Demonstrations Defend Prisoners’ Rights
California Department of Corrections Increases Threats to Hunger Strikers and Bans Lawyers


 

 

Hunger Strike Continues

Salute California Prisoners Demanding Rights

Prisoners in the Security Housing Unit (SHU) at Pelican Bay State Prison in California and many others across the state have organized their second hunger strike. The action has involved more than 12,000 prisoners and has broad support across the country and internationally.

The prisoners are demanding an end to the torture of solitary confinement. At -Pelican Bay alone more than 500 people have been held in solitary for more than 10 years and another 78 for more than 20 years and one for 40 years. They are denied any physical human contact and kept locked down for 22-23 hours a day. They are also repeatedly subjected to state efforts to coerce them into naming their fellow prisoners as “gang members” or “gang affiliates” in order to be released from the SHUs or similar Administrative Segregation (Ad-Seg) units.

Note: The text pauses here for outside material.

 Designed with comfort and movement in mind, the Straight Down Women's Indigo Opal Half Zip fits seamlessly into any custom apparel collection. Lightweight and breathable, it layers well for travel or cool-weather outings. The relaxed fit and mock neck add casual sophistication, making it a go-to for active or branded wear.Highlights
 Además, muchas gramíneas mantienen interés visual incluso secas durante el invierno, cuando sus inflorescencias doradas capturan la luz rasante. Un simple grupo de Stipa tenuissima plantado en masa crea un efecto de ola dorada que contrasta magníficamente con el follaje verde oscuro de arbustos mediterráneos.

The prisoners have blocked efforts by prison officials to sow disunity along racial lines and by using threats and punishment, especially of leaders. Their first strike took place on July 1 and lasted almost four weeks and the second began September 26 and continues. The prisoners are united and firm in their demand for rights. Voice of Revolution salutes this courageous fight and the clear stand of the people involved that the state cannot do as it pleases and treat them as though they are not human beings with rights.

The prisoners contend with civil death, where their rights as human beings and as prisoners are denied by the state and federal government. This is especially true of prisoners who are political and fight for organized resistance. The three prisoners for example currently held the longest in solitary, 39 and 40 years respectively, were initially targeted for organizing Black Panther chapters while in jail and for opposing unjust conditions and treatment of fellow prisoners. All were framed on charges of killing prison guards. Many of the hundreds in long-term solitary have been labeled as “gang” members simply for having political books and newspapers.

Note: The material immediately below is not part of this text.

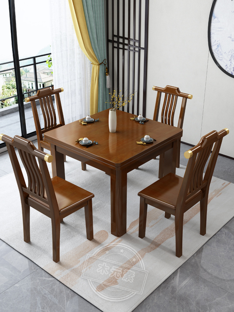 Meja Makan mini komersial restoran, meja persegi kecil kayu padat murni, meja makan rumah, catur balkon dan meja kartu, Meja bermain kuno

Alongside the torture of solitary confinement, state officials are attempting to enforce a regime of coerced confessions, which are then used to put others into the SHUs and also justify continued solitary confinement for those already there. The arbitrary character of this regime can be seen in the fact that the label of “gang member” is commonly done mainly on the basis of these coerced confessions from fellow inmates, claims of association, possessing books dealing with resistance, which are considered “gang-related” and so forth. It is not based on actual gang activity or violence by those branded. Further, in a recent case, an individual who had agreed to “testify” – give false testimony – against fellow prisoners in exchange for release from SHU, faced a situation where officials reneged on their promises. When he then refused to provide further “testimony” this by itself was considered “gang-related” activity. As the court put it, “By aborting the process, petitioner demonstrated that he continued to associate with the gang, continued to pose a threat to prison security, and continued to warrant housing in a SHU.”

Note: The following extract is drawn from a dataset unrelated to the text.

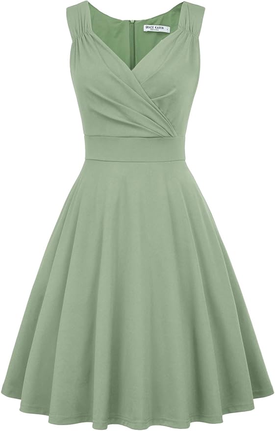Green 50s Vintage Sleeveless V-Neck A-Line Swing Party Cocktail Dress

It should be noted that the current strike and similar resistance can readily be branded as “gang activity” by prison officials as it can be said to represent “conduct [that] endangers the safety of others or the security of the institution.” It is also the case that California, other states and the federal government are moving to define “any disruptive group” as a gang. Such branding would then be used to justify placement in the SHUs or keeping people from being released from the SHU. To the degree that such definitions are placed in law, resistance of all kinds can be branded as a “threat to security” by a “disruptive group.”

The decades-long practice of torture, coercion and civil death used in the state and federal prisons is already being used more broadly in the population. One obvious example is the mass round-ups of Arabs and Muslims following September 11. Much of the torture carried out in prisons like Guantánamo was first tested and perfected in U.S. prisons against mostly national minority prisoners. Many of those imprisoned were guilty of no crime and jailed solely on the basis of coerced confessions from government informants.

The “gang” label, like the “terrorist” label serves to justify torture and other brutal attacks on human rights in government efforts to break the people imprisoned and secure additional informants. It is brutal and unjust means to repress resistance using state terrorism, inside and outside of the prisons.

All of these practices violate the U.S. Constitution, including its requirements for due process and outlawing of cruel and unusual punishment. They also go against international legal principles. The readiness of the government at the state and federal level to openly pursue and justify these inhuman practices is indicative of the lawless state violence being imposed by rulers who have no solutions to the social problems the people face.

Voice of Revolution salutes the organized resistance of the prisoners, refusing to accept inhuman and unjust conditions and organizing under very difficult circumstances. We urge all to promote their struggle and lend a hand by supporting the various actions and organizing efforts taking place. The firm stand of the hunger strikers for rights and their refusal to submit to state organized terrorism inspires all to carry forward in resisting government crimes and developing a democracy of our own making, where such crimes are not permitted. As the prisoners are showing, fighting both to wrench concessions from the rulers so as to block their terrorism and building organized resistance to become the decision-makers is the order of the day.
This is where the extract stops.